Surely they should be Welsh.
But seriously, ever since Baldur's Gate, Hevery blohdie Dwarrrfh has tha saaame axe-cent!
So why the trope? Surely, UK game players would know.
....the way Tolkien wrote his dialogue shaped readers’ perceptions of accents. For instance, a scene in The Hobbit in which villainous trolls use words like “blimey” forever linked orc and troll-like bruisers with Cockney accents. To be fair, however, not all of these linguistic stereotypes came from Tolkien himself. He actually took inspiration from Finnish and Welsh for Elvish and drew from Semitic languages for Dwarvish (think names like Khazad-dûm). It was only in subsequent radio and film adaptations of Tolkien’s work that we began to hear the Scottish and English accents that sound so familiar today.

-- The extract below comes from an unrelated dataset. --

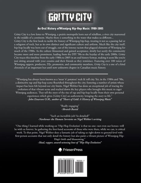 Gritty City is a love letter to Winnipeg, a prairie metropolis born out of rebellion, a river city marooned in the middle of a continent. Maybe there is something in the water that makes us different... Gritty City is the first book to tackle the history of Winnipeg hip-hop, treating it not as a passing fad or a subgenre of rock, but as its own distinct and significant culture and artform. Much like the city itself, hip-hop locally was born out of struggle, out of the intense racism that plagued elements of Winnipeg for much of the 1980s. As the culture blossomed and gained acceptance, slowly but surely the community became more and more prominent, leading from the DIY '90s to the heyday of the early 2000s. Gritty City traces this timeline from the early 1980s to 2005 in an oral history format, making it seem like you're just sitting around with your cousins and their friends as they reminisce. Featuring over 100 voices of Winnipeg rappers, producers, DJs, promoters, and community members, Gritty City is a one of a kind chronicle of an important but until now unknown chapter in Canadian music history.

Because all scotts are dwarves surely.
Aren't they?
Because all scotts are dwarves surely.
Aren't they?
No one can understand Welsh. Even other Welsh can't understand each other. They just talk gibberish back and forth and hope with enough hand and face gestures the point will get across.
Have you tried playing Lucas Arts game "Armed and Dangerous"? The grunts are from Scotland, while the officers are from Germany. Very silly, and very funny.
Dwarves are terrifying, especially when armed with axes. Just because a dwarf is short is not an issue (although, if you are a Diskworld dwarf called Carrot Ironfoundersson, you are over 6' tall and about as broad across the shoulders!); everybody gets shorter when an axe armed dwarf goes to work!
But seriously, ever since Baldur's Gate, Hevery blohdie Dwarrrfh has tha saaame axe-cent!
So why the trope? Surely, UK game players would know.